In
an era when technology allows Jafar Panahi to be about as prolific as Woody
Allen, would-be filmmakers are running out of excuses. After years of snarking from the sidelines,
senior year film student Kang Mu-young is suddenly put on the filmmaking spot. Bedlam will ensue as he tries to shoot his
zombie melodrama in Kim Chang-Lae and Jae Soh’s Let Me Out (trailer
here), which
screens in select cities this Wednesday, via Tugg.
A
bit Holden Caulfield-ish, Kang loves to call out directors for being
phonies. However, after a rather
tactless Q&A session, Yang Ik-june (the indie director playing himself)
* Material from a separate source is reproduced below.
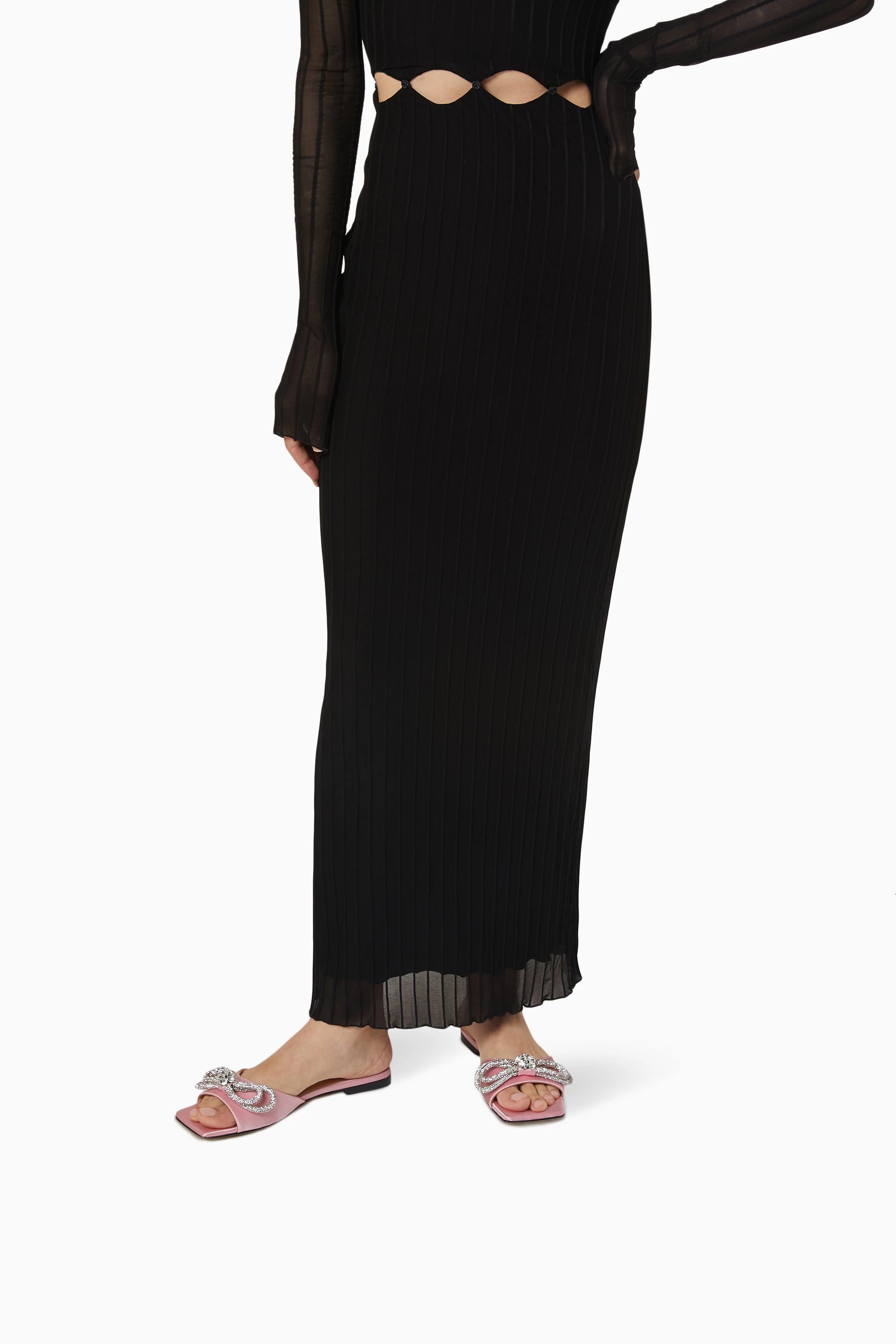 Silk & rhinestone Double Bow mules with a heel height of 0.5 cm, made in Italy.

turns the tables on the student, offering $5,000 in start up money for Kang’s
senior film. Hurriedly, Kang dusts off
his old discarded zombie screenplay (titled Let
Me Out, probably because the characters are constantly banging on locked
doors) and assembles a cast and crew who are not already attached to other
projects.
Yang’s
producer buddy Yong-woon recruits a motley but workable group, including Hong
Sang-soo’s camera loader for their director of photography. The casting of Sun-hye, a third rate starlet enrolled
in their film school, opens the door for some sponsorship opportunities—mainly from
liquor and cigarette companies. This
will definitely be a boozy set. Ah-young,
a vastly more talented fellow classmate, also agrees to be the female co-lead. She is actually good in her part, even though
she lacks confidence in both her abilities and Kang’s script.
Like
the zombies it crudely portrays, the film-within-the-film takes hit after hit,
but refuses to die. Cast and crew
members will quit, equipment will break, and they will be evicted from their
locations, but the film lumbers along erratically, just the same. Co-directors (and Seoul Institute of the Arts
faculty members) Kim and Soh maintain a manic energy level, but they never lose
sight of the human element. Despite all of
Kang’s humbling frustrations, LMO remains
a big, earnest valentine to scrappy DIY filmmaking.
Kwon
Hyun-sang, the son of Cannes award winning director Im Kwon-taek, clearly
relates to the wannabe Tarantino, nicely portraying his long deferred
maturation process. K-pop and Korean TV
star Park Hee-von provides an appealingly down-to-earth foil as Ah-young, while
Jessica Choi relishes creating chaos as Sun-hye, the hot mess.